Basado en los resultados del presente estudio también es recomendable

para definir (normalizar) las posiciones de medición, así como el número
de mediciones que deben adoptarse para la evaluación del color de la
carne.

CONCLUSIONES

Como indican los resultados del presente estudio de carne de cerdo, un

tiempo de floración 20-30 min se recomienda antes de tomar las
mediciones de color en caso de carne de cerdo, lo que concuerda bien
con las directrices para la evaluación de color carne de cerdo publicado
por Hunt y Mancini (2002). La recomendación de dejar la carne de
florecer durante al menos 1 h (Honikel 1997) no está adaptado para
cerdo.

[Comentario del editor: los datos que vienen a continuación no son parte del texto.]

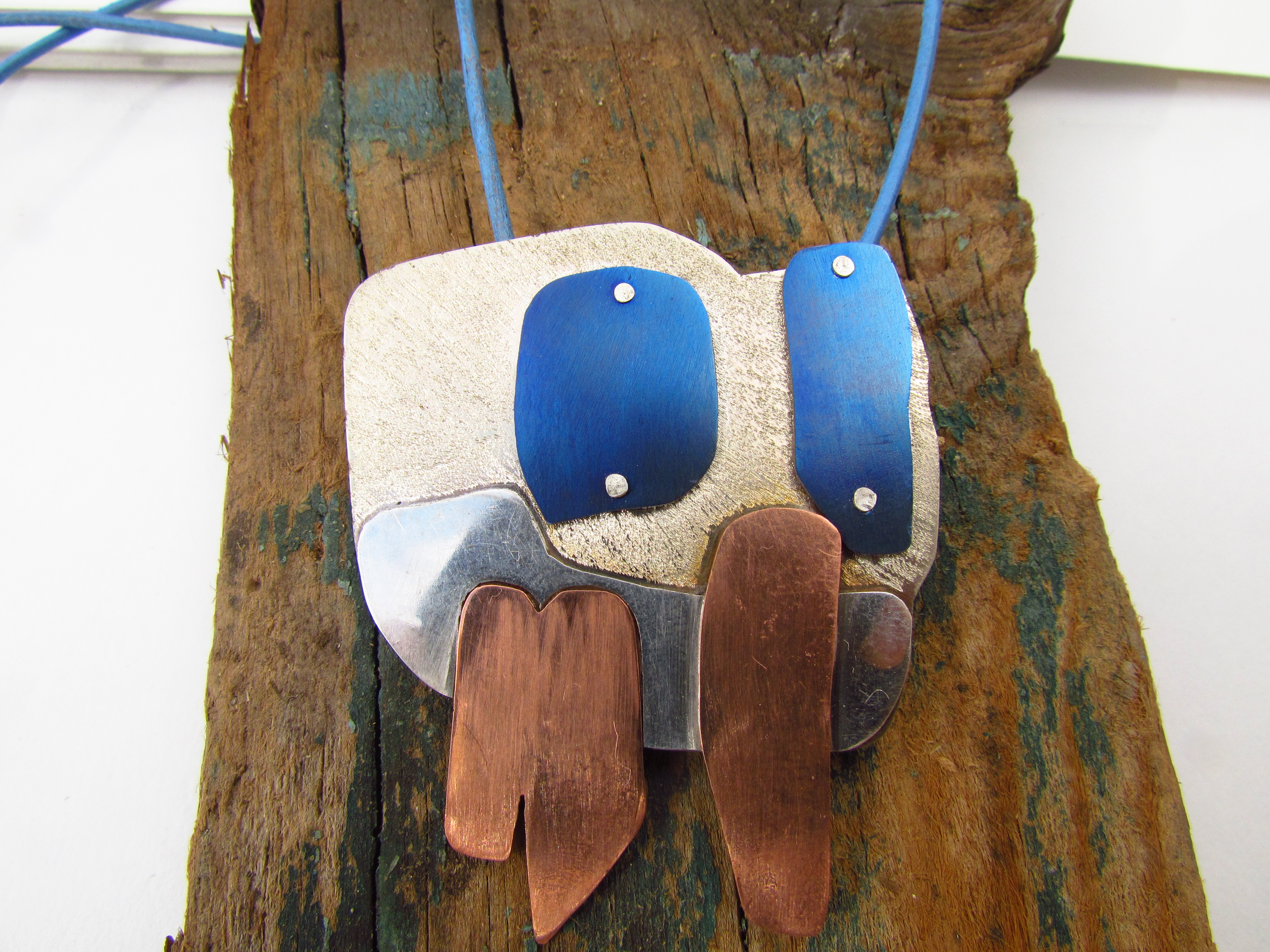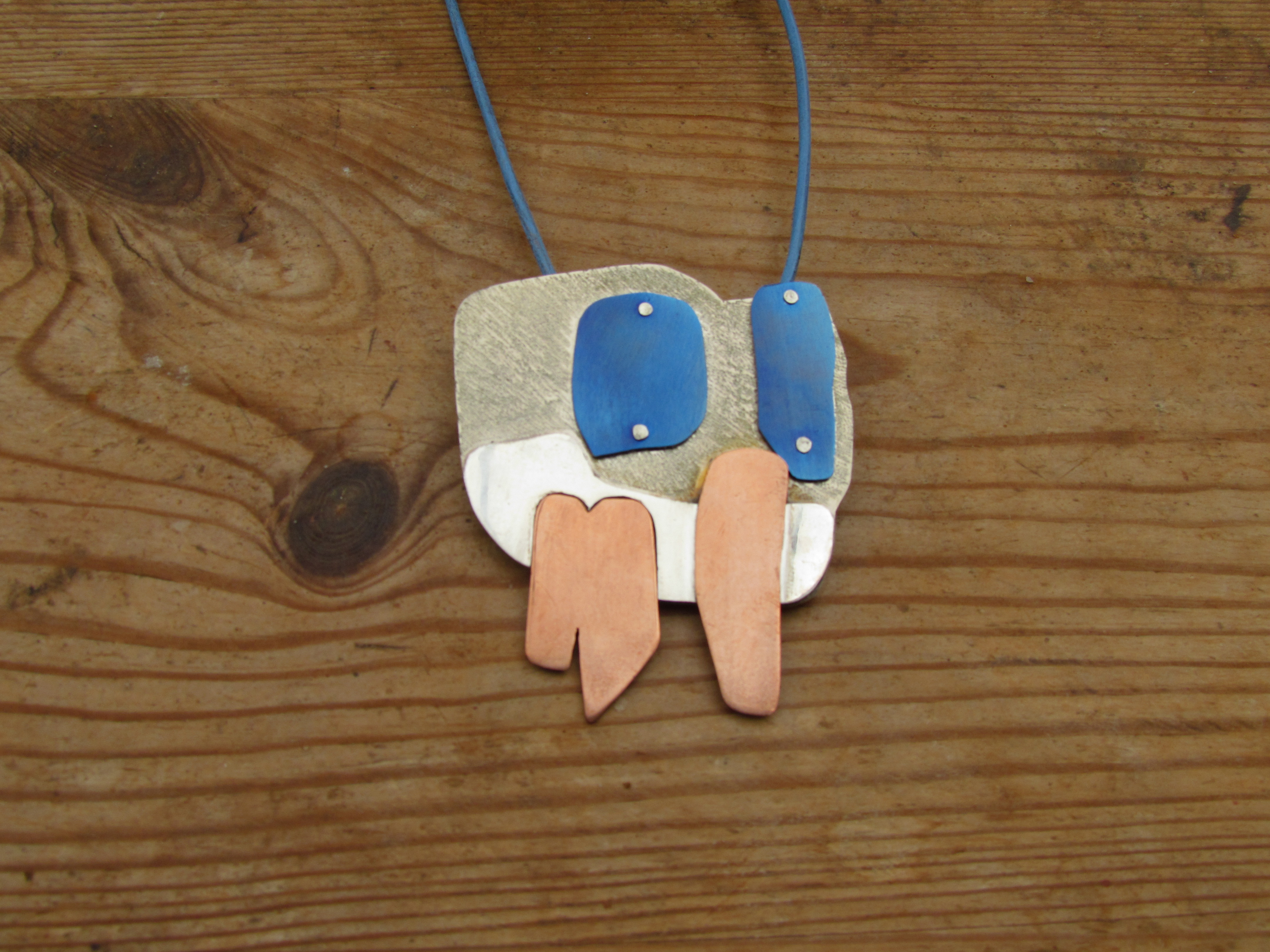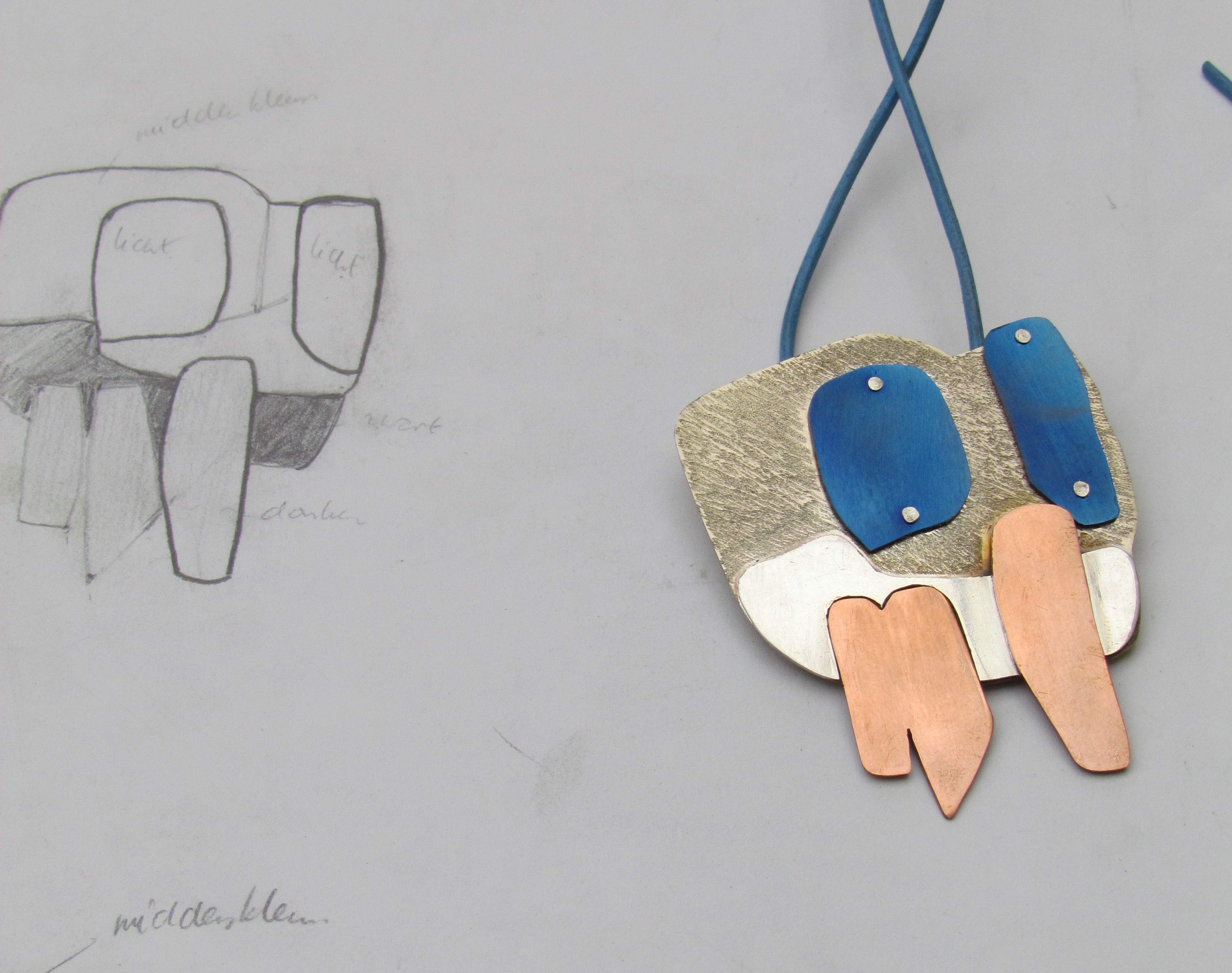Geïnspireerd op haar werk maakte ik de hanger van een gestileerde bomengroep in alpaca, zilver, koper en titanium. De onderplaat is van alpaca, de onderzijde van de bomen is van zilver, de stammen zijn van rood koper en de boomkronen van (met de vlam gekleurd) titanium. Aan de achterzijde is een zilveren buisje gesoldeerd, waar een ketting of koord doorheen kan. Op de foto met een blauw leren koord. De hanger is ruim 4,5 cm breed en 5,5 cm hoog.

Si sólo el luminosidad o reflectancia valor es de interés, la
floración de carne de cerdo no es necesario. (L *, a *) o (b *, C * H *)
Parámetros de repetibilidad del color similares mejores dentro de 30 min
período de floración en comparación con repetibilidad entre dos
posiciones de medición adyacentes implica la importancia de la
ubicación definida de repeticiones en la evaluación de color de la carne.

AGRADECIMIENTOS

Este estudio se realizó dentro del programa de investigación P4-0072

Agrobiodiverziteta financiado por la agencia eslovena de la investigación
(ARRS). Los autores me gustaría dar las gracias a la industria de carne
MIR Mesna Industrija Radgona dd para las muestras y los revisores
anónimos por sus útiles comentarios.